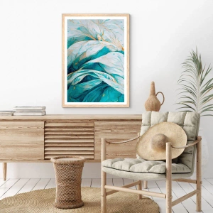 Affisch i ram av ljusek - Blå abstraktion med guldmotiv - 70x50 cm
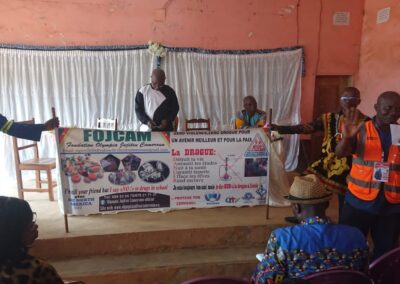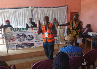 C’est la salle polyvalente de cet établissement scolaire situé dans l’Arrondissement de Bafoussam 3, Département de MIFI, Région de l’Ouest qu’une équipe opérationnelle FOJCAM conduite par Maître SIGNE ETIENNE, son Coordonnateur National, a tenu une séance de renforcement de capacités de 100 personnels et enseignants DE L’ÉTABLISSEMENT 1er aux examens OBC dans la Région de l’Ouest Cameroun.
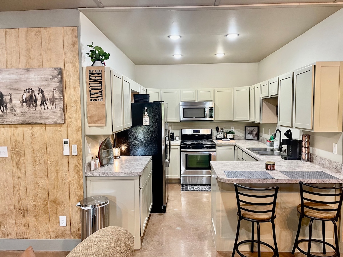 Il Bourbon Skyline è il tuo passaporto per un'esperienza indimenticabile nel Kentucky. Questo ranch con 4 letti e 3 bagni completi, recentemente ristrutturato e situato su 8 acri, è l'emblema del comfort e del fascino del Kentucky. La posizione in collina del Bourbon Skyline offre splendide viste sui paesaggi del Kentucky. È il meglio di entrambe le realtà: in campagna e vicino a tutto! Zona pranzo all'aperto, tavolo da fuoco e vasca idromassaggio, corn hole e pickleball! A breve distanza in auto da Louisville, Lexington, Mammoth Cave e molto altro ancora!
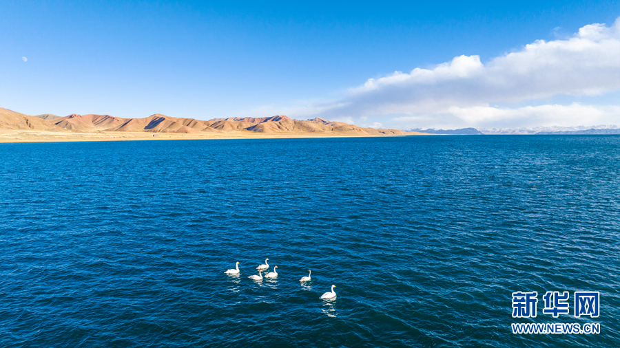 湖泊與遠處的山峰交相輝映,景色壯觀。新華網(wǎng) 李友崇 攝
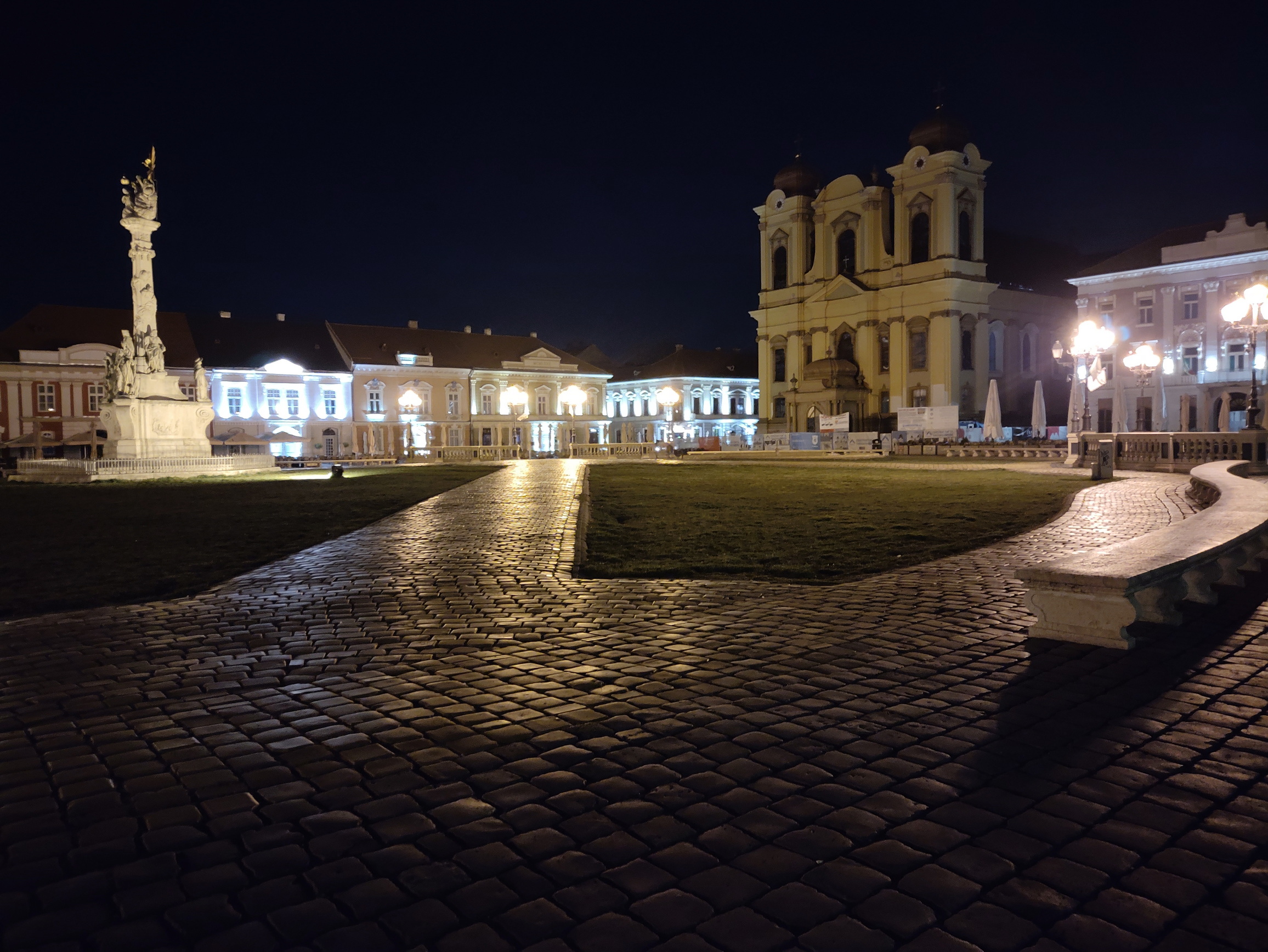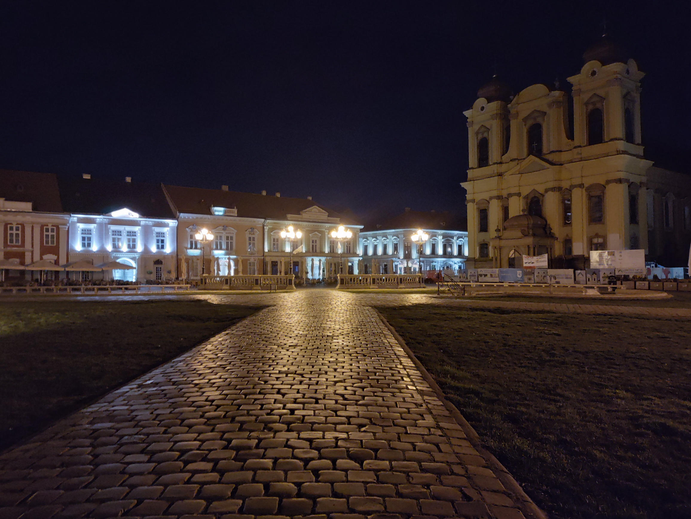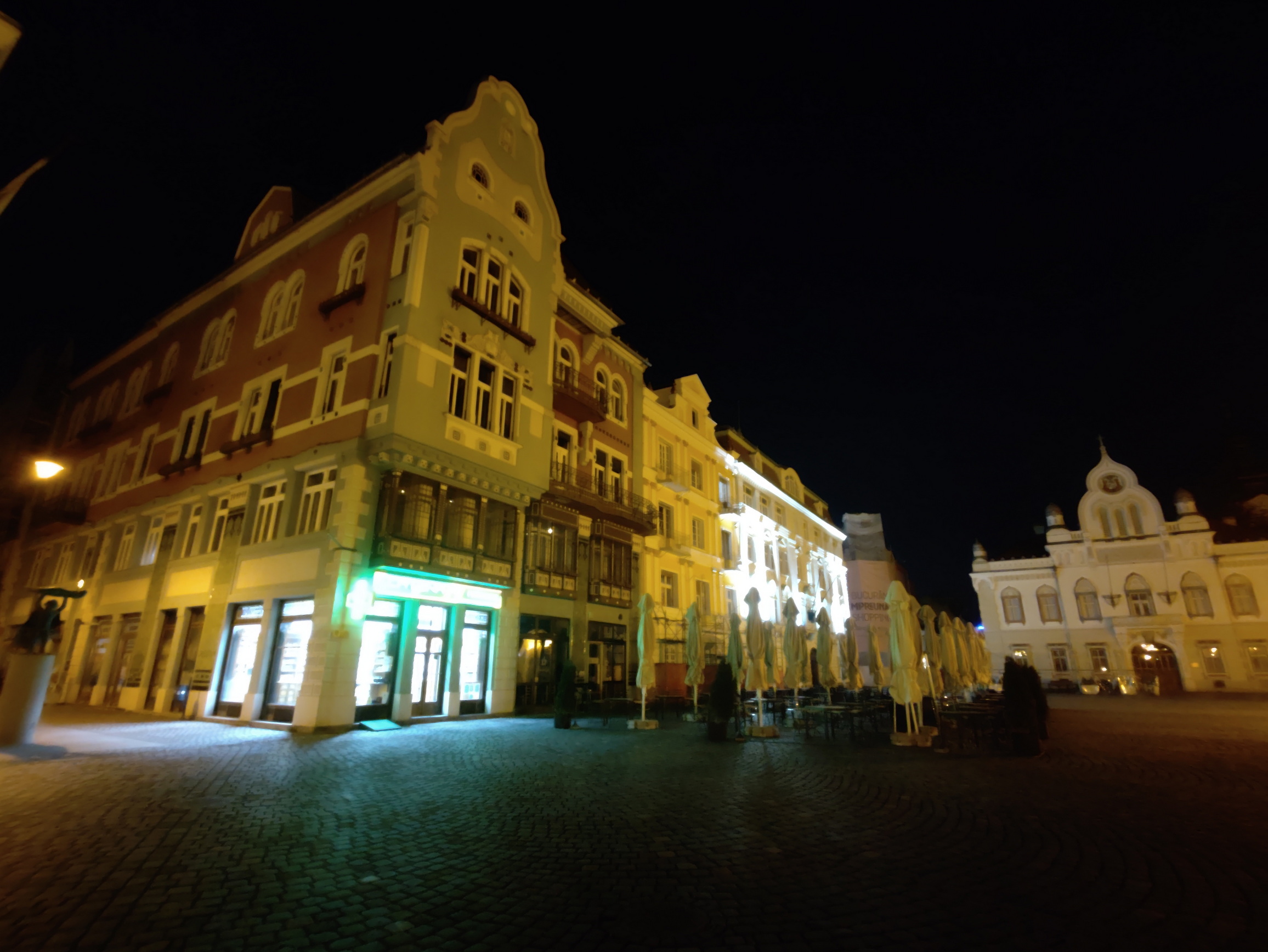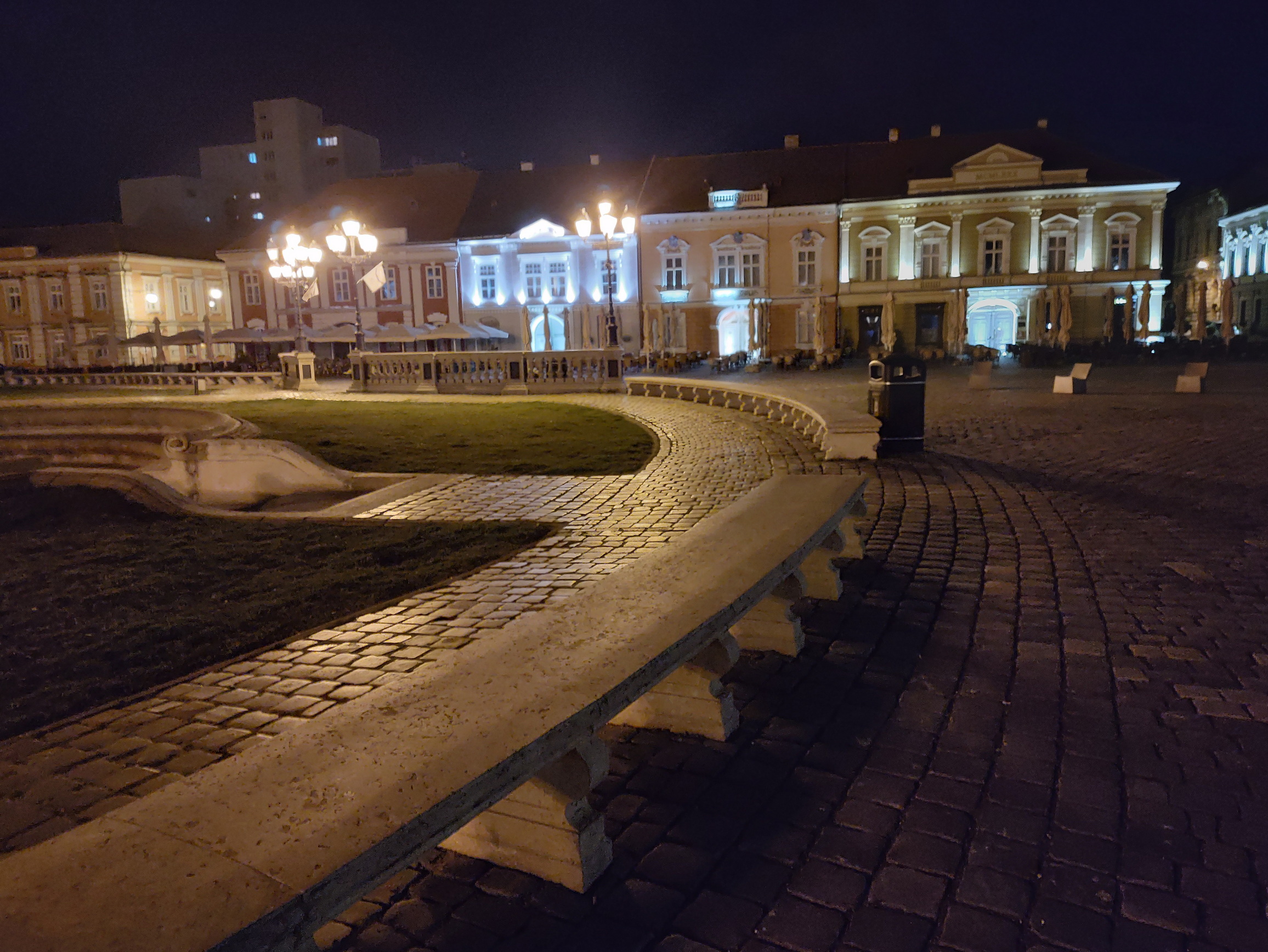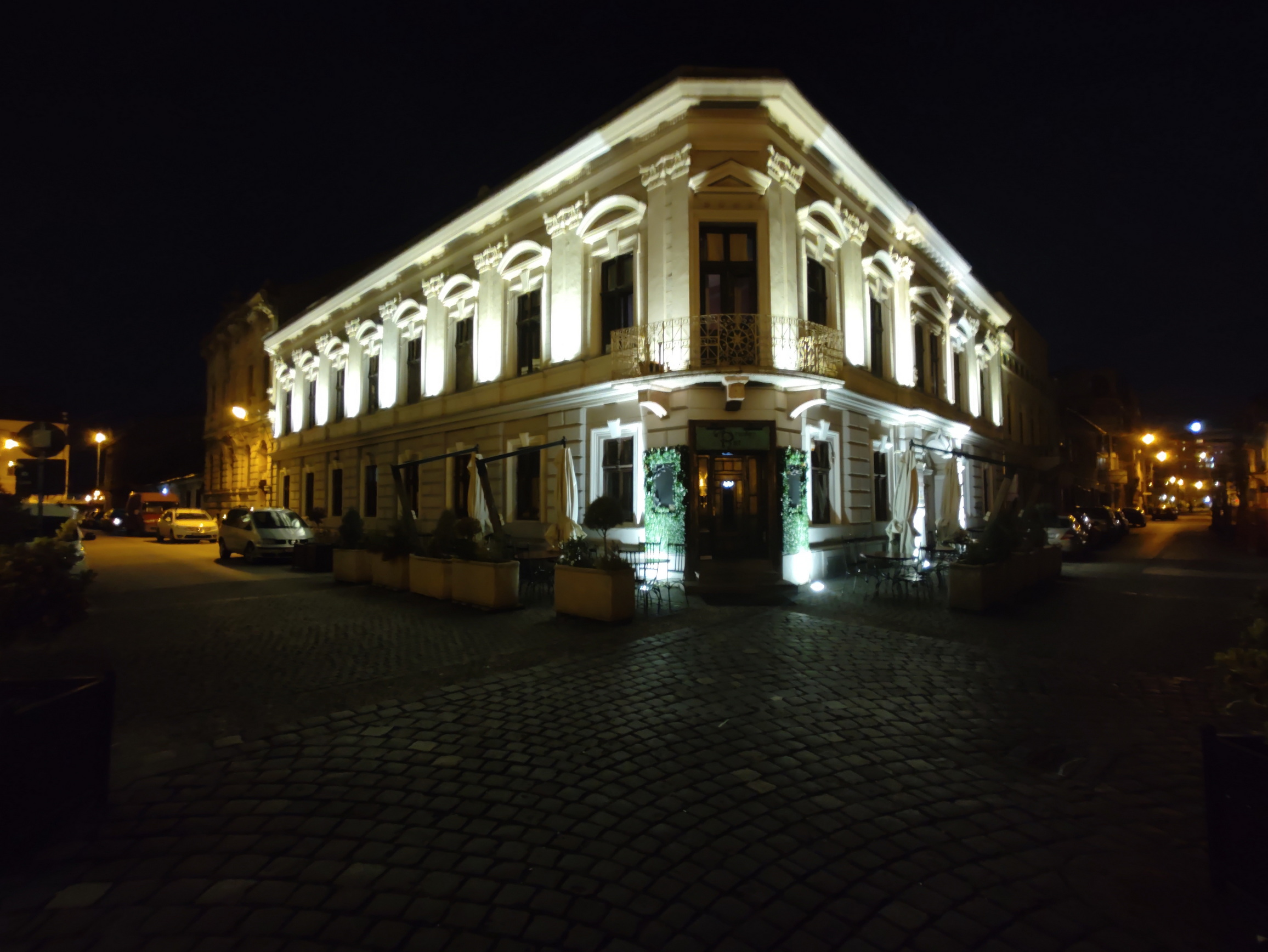 În condiţii low light trecem la Timişoara, pentru o galerie nocturnă în centrul oraşului. Capturile au fost cam întunecate şi gri, uneori roşiatice, portocalii, calde. Felinarele stradale creează dungi de lumină prea mari în jurul lor, mai mari decât ce vedem de obicei. E şi multă neclaritate la captura ultrawide, un soi de blur chiar. Captură cu Night Mode e ceva mai clară, puţin mai bine focalizată, mai clară şi se descurcă mai bine cu sursele de lumină. Totuşi susţin că avem culori mai calde decât de obicei.

....................

Problem —
Pictures are to be left out. Write out only the lines above starting at the one with "C’est la salle" and ending at the one with "湖泊與遠處的山峰交相輝映,景色壯觀。新華網(wǎng) 李友崇 攝", both lines included, exactly.

Exercise solution —
 C’est la salle polyvalente de cet établissement scolaire situé dans l’Arrondissement de Bafoussam 3, Département de MIFI, Région de l’Ouest qu’une équipe opérationnelle FOJCAM conduite par Maître SIGNE ETIENNE, son Coordonnateur National, a tenu une séance de renforcement de capacités de 100 personnels et enseignants DE L’ÉTABLISSEMENT 1er aux examens OBC dans la Région de l’Ouest Cameroun.
 Il Bourbon Skyline è il tuo passaporto per un'esperienza indimenticabile nel Kentucky. Questo ranch con 4 letti e 3 bagni completi, recentemente ristrutturato e situato su 8 acri, è l'emblema del comfort e del fascino del Kentucky. La posizione in collina del Bourbon Skyline offre splendide viste sui paesaggi del Kentucky. È il meglio di entrambe le realtà: in campagna e vicino a tutto! Zona pranzo all'aperto, tavolo da fuoco e vasca idromassaggio, corn hole e pickleball! A breve distanza in auto da Louisville, Lexington, Mammoth Cave e molto altro ancora!
 湖泊與遠處的山峰交相輝映,景色壯觀。新華網(wǎng) 李友崇 攝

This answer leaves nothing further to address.